In other words, in a structural design that can typically be performed when the two windows are physically the same window, the fracture element 6 is an electromagnetic wave, which is the same as the spectrophotometric test performed through it. Reach the liquid specimen portion through the window. The electromagnetic wave is preferably a laser beam emitted by the breaking element 6, and even more preferably a laser beam having a wavelength of about 530 nm. This is because the energy of the laser beam can be easily adjusted and the beam can be easily steered and accurately directed. From the experience gained, an incident laser beam with a wavelength of about 530 nm is particularly preferred for cell object destruction.

According to a particularly preferred embodiment, the spectrophotometer 7 is a Raman spectrometer. This is because Raman spectrometers can be easily adapted to operation in microfluidic devices in terms of both dimensions and their energy requirements, regardless of the fracture steps detailed above. In addition, it can record the spectrum at a resolution corresponding to the object of the present invention. Another advantage is that Raman spectroscopy tests do not damage cell objects, so the same sample can be measured on multiple occasions, for example, if one wants to test the effect of a concentration series of test compounds.

According to another even more preferred embodiment, the spectrophotometer 7 is a Raman spectrometer, and the same Raman spectrometer also acts as a fracture element 6. It can control the intensity of the laser light emitted by the Raman spectrometer, which in turn can emit a laser beam that kills the cell object, thus acting as a disruption element 6, and then the cell. It is possible to emit a laser beam capable of recording the Raman spectrum of the cell object without killing it, and thus can also function as a spectrophotometer 7 for non-destructive spectrophotometric steps. In this case, the first window 52a and the second window 52b constitute a single window.

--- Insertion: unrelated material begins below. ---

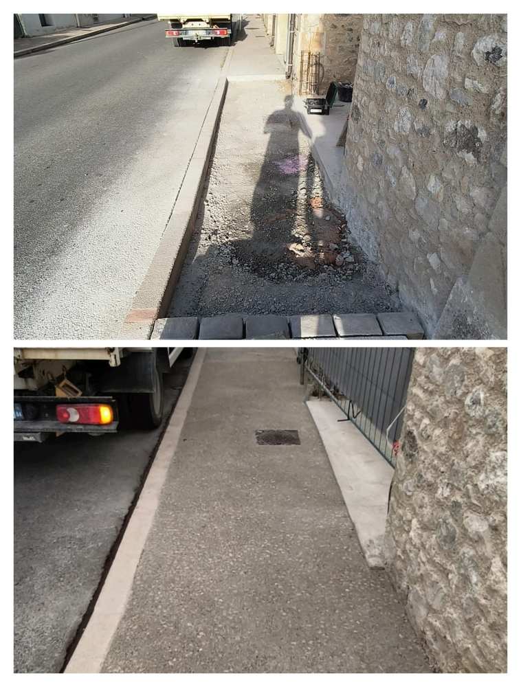 Ici nous avons refait complétement une partie de l'accès trottoir, notre travail a tenu compte de l'existant et le résultat final se mari parfaitement avec la partie du trottoir déjà existante.

According to another preferred embodiment of the present invention, an element that generates ultrasonic waves may be used as the breaking element 6. It has long been known to those skilled in the art that ultrasound can be used to kill cell objects. In this case, the ultrasonic wave generating head protrudes into the liquid flowing in the microfluidic tube 5 through the first window 52a. Naturally, in this case, the first window 52a and the second window 52b are physically different.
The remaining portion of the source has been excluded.